Hi all. I got two juevenile azureus back on May 12 (3months ago). At what age are they sexually mature and can be sexed (approx)? Right now, one is slightly wider but about the same length. The smaller frog does seem to have larger toe pads but it's not a big difference from the other.


----------



## Neodoxa (Oct 12, 2006)

Can be sexed at around 10-12 months old. Here is a guide that helps to simplify things:
Josh's Frogs How-To Guides » Blog Archive » How to Visually Sex Dart Frogs


----------



## Daniel D (Aug 12, 2012)

Thank you very much


----------



## frog dude (Nov 11, 2011)

I didn't sex my azureus. I just figured it out. 

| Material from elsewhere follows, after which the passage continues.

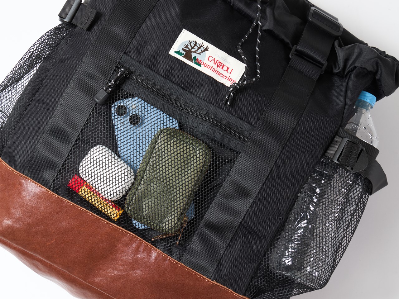 前面、両サイドにはメッシュポケットなどの便利なディテールを搭載。ワイヤレスイヤホンやスマートフォンなどの小物は前面に、ペットボトルや折り畳み傘などはサイドポケットに収納でき、ダイレクトにアクセス可能。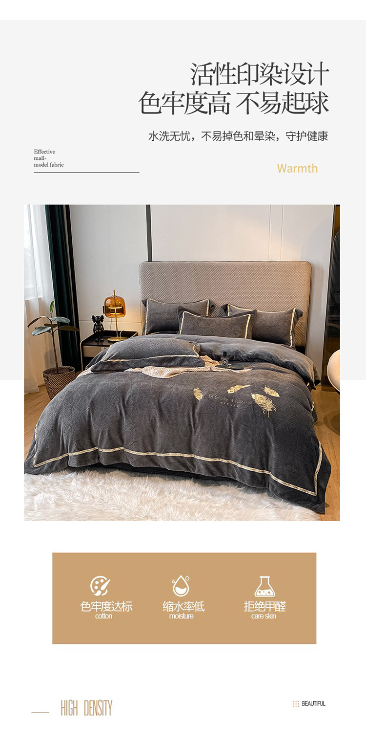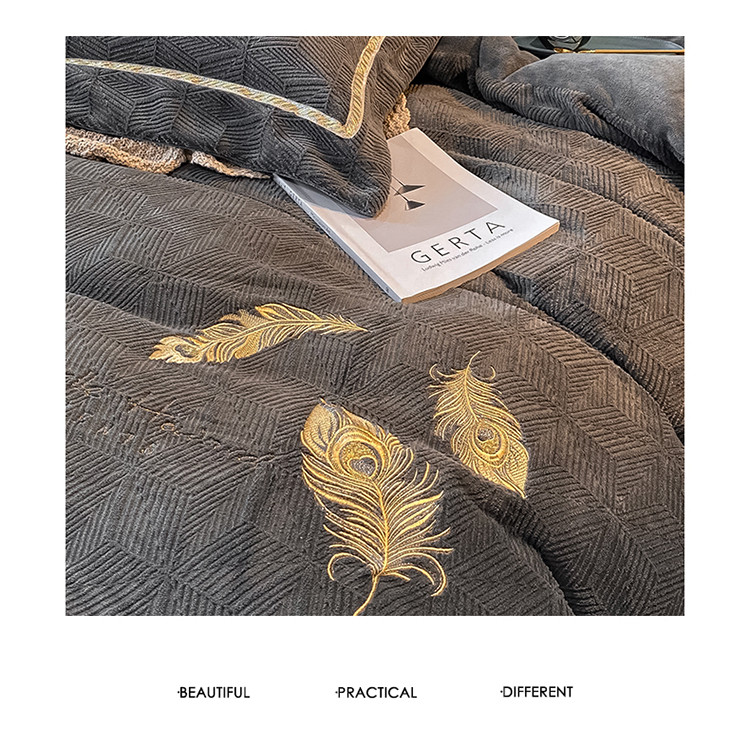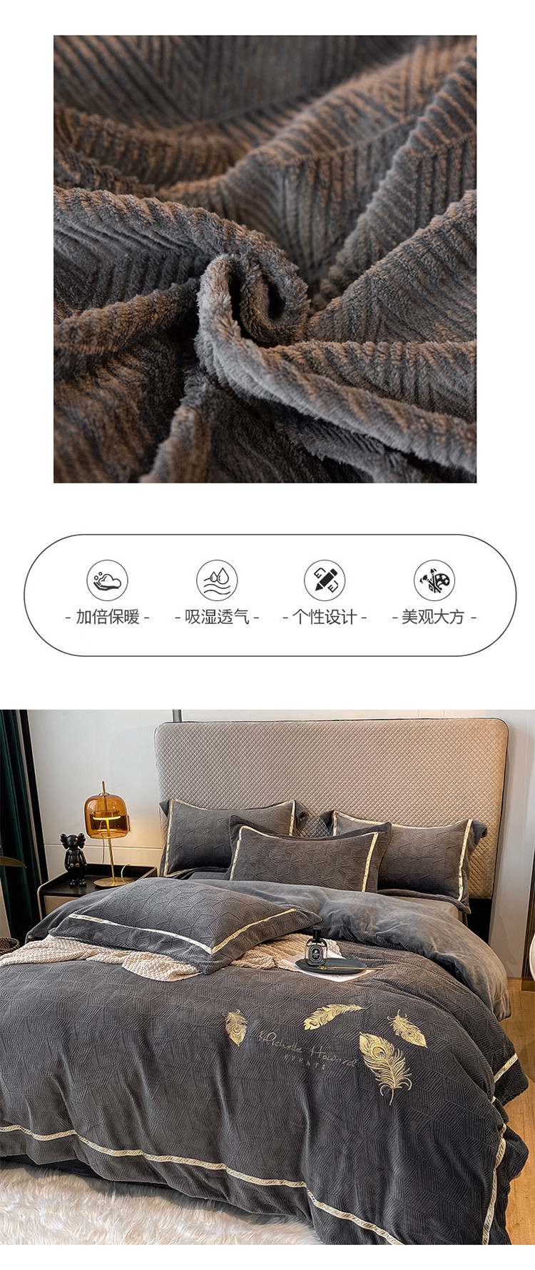 商品名称:吾秀家居 2022新款羽毛刺绣雕花绒四件套 羽毛深灰

Here's how I would tell what ratio of frogs I have: If I saw fighting, separate immediately, and I would most-likely have two females . If nothing happens and I see both frogs calling, I would probably have two males. If they started breeding, I'd have a 1.1 pair. That's how I figured it out. They started breeding. I didn't know which one was which until I saw courting, tho.


----------



## Daniel D (Aug 12, 2012)

One other question. When you say 10-12 months....is that from tadpole or is that from when they leave the water?


----------



## frog dude (Nov 11, 2011)

usually, it's out of water.


----------



## Daniel D (Aug 12, 2012)

Thanks. I have a little ways to go, I guess.


----------



## frog dude (Nov 11, 2011)

how old are they?


----------



## Daniel D (Aug 12, 2012)

I've had them 3 months. I beleve they were 2 months out of the water before coming to me, so let's guess about 5 months


----------



## james67 (Jun 28, 2008)

12 months is normal for dendrobates sp, but it could be 18 months or more before you get a good read on the sexes. this is why many people choose to buy 4 or 5 froglets, to ensure a breeding pair, and sell off the extra sexed adults.

james


----------



## Daniel D (Aug 12, 2012)

I thought about doing that but, being new to darts, i wanted to ease into it and not get in over my head.


----------